THE PROBLEM: Every line from the one with "from matplotlib.matlab import" to the one with "عَنْ صَالِحٍ، عَنِ", including those two, is to be copied exactly; all other lines of the entries below are left out.

RECORDS FOR THIS TASK:
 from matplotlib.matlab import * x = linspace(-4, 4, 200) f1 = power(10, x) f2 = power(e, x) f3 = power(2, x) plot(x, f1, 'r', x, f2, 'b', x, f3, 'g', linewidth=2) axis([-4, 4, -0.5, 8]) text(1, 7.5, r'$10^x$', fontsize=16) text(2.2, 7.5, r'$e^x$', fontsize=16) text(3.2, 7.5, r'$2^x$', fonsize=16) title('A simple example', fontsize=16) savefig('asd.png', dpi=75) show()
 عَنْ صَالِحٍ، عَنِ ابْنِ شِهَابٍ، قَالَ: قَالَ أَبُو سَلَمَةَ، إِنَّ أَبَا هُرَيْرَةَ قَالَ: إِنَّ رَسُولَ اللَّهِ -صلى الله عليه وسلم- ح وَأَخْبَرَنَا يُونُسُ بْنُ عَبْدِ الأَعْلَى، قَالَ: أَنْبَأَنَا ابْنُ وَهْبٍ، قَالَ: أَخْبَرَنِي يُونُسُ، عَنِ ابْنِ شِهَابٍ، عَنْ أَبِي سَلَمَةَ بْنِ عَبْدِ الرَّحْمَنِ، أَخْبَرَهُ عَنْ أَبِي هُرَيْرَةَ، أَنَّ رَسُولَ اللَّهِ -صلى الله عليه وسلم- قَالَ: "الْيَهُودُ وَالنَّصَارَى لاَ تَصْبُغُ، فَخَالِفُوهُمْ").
--
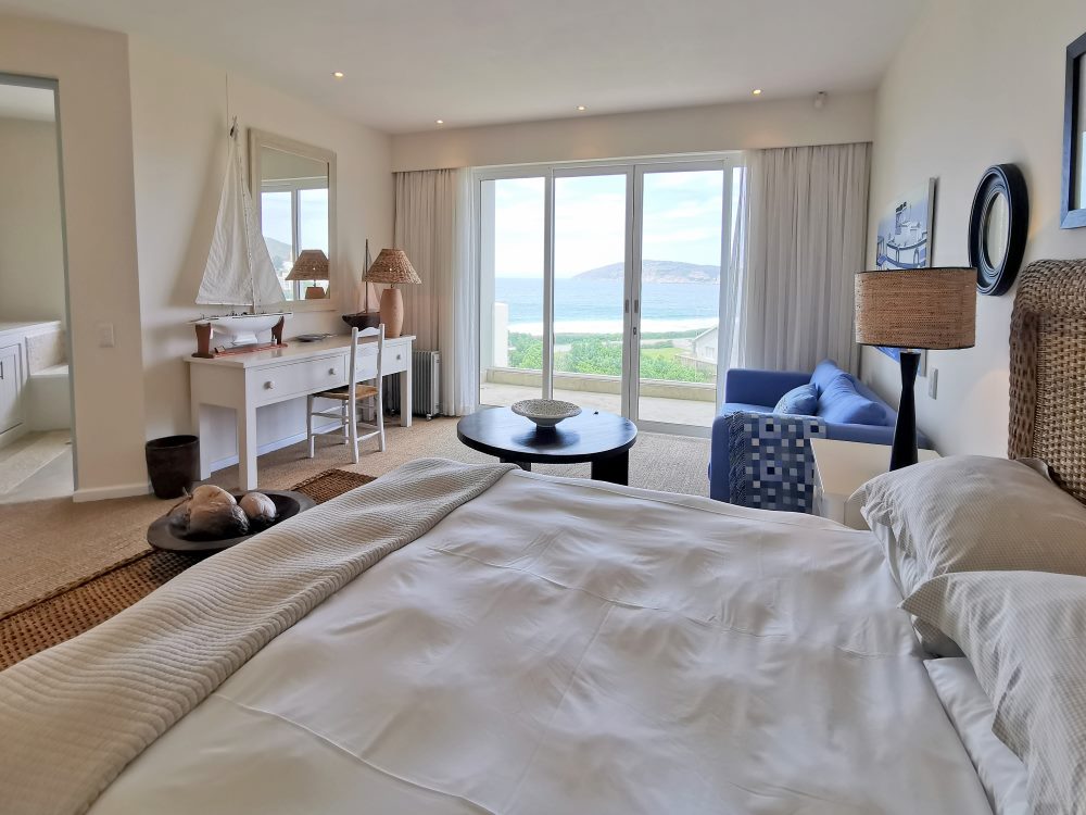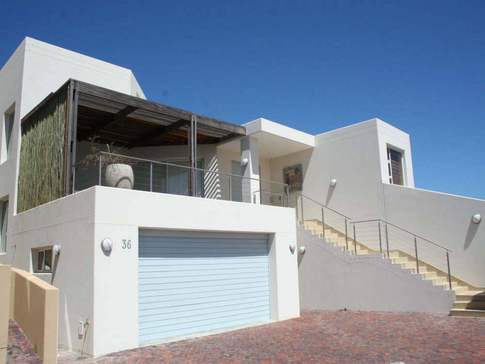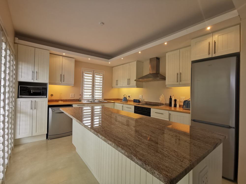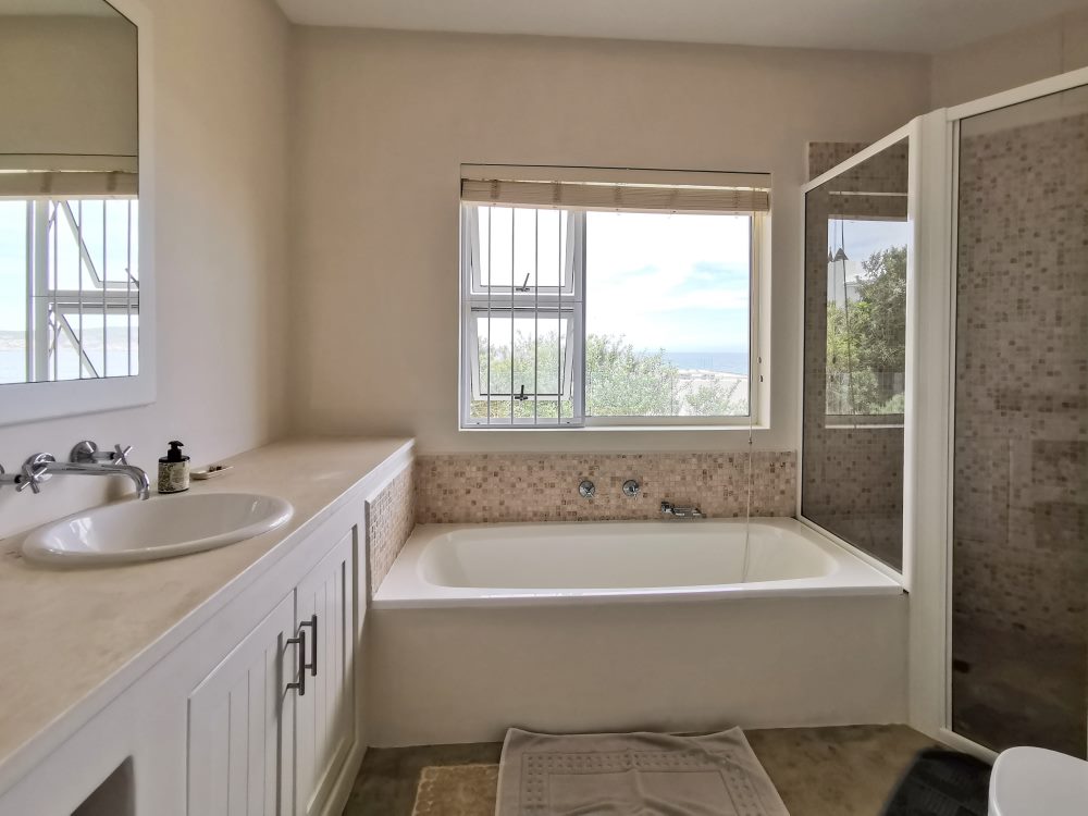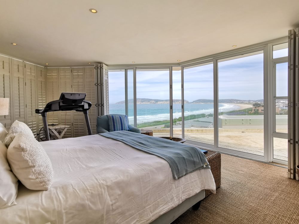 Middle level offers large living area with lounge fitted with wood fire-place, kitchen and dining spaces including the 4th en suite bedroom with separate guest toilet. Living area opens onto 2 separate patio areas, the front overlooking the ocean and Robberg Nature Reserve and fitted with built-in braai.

RESULT BELOW:
 from matplotlib.matlab import * x = linspace(-4, 4, 200) f1 = power(10, x) f2 = power(e, x) f3 = power(2, x) plot(x, f1, 'r', x, f2, 'b', x, f3, 'g', linewidth=2) axis([-4, 4, -0.5, 8]) text(1, 7.5, r'$10^x$', fontsize=16) text(2.2, 7.5, r'$e^x$', fontsize=16) text(3.2, 7.5, r'$2^x$', fonsize=16) title('A simple example', fontsize=16) savefig('asd.png', dpi=75) show()
 عَنْ صَالِحٍ، عَنِ ابْنِ شِهَابٍ، قَالَ: قَالَ أَبُو سَلَمَةَ، إِنَّ أَبَا هُرَيْرَةَ قَالَ: إِنَّ رَسُولَ اللَّهِ -صلى الله عليه وسلم- ح وَأَخْبَرَنَا يُونُسُ بْنُ عَبْدِ الأَعْلَى، قَالَ: أَنْبَأَنَا ابْنُ وَهْبٍ، قَالَ: أَخْبَرَنِي يُونُسُ، عَنِ ابْنِ شِهَابٍ، عَنْ أَبِي سَلَمَةَ بْنِ عَبْدِ الرَّحْمَنِ، أَخْبَرَهُ عَنْ أَبِي هُرَيْرَةَ، أَنَّ رَسُولَ اللَّهِ -صلى الله عليه وسلم- قَالَ: "الْيَهُودُ وَالنَّصَارَى لاَ تَصْبُغُ، فَخَالِفُوهُمْ").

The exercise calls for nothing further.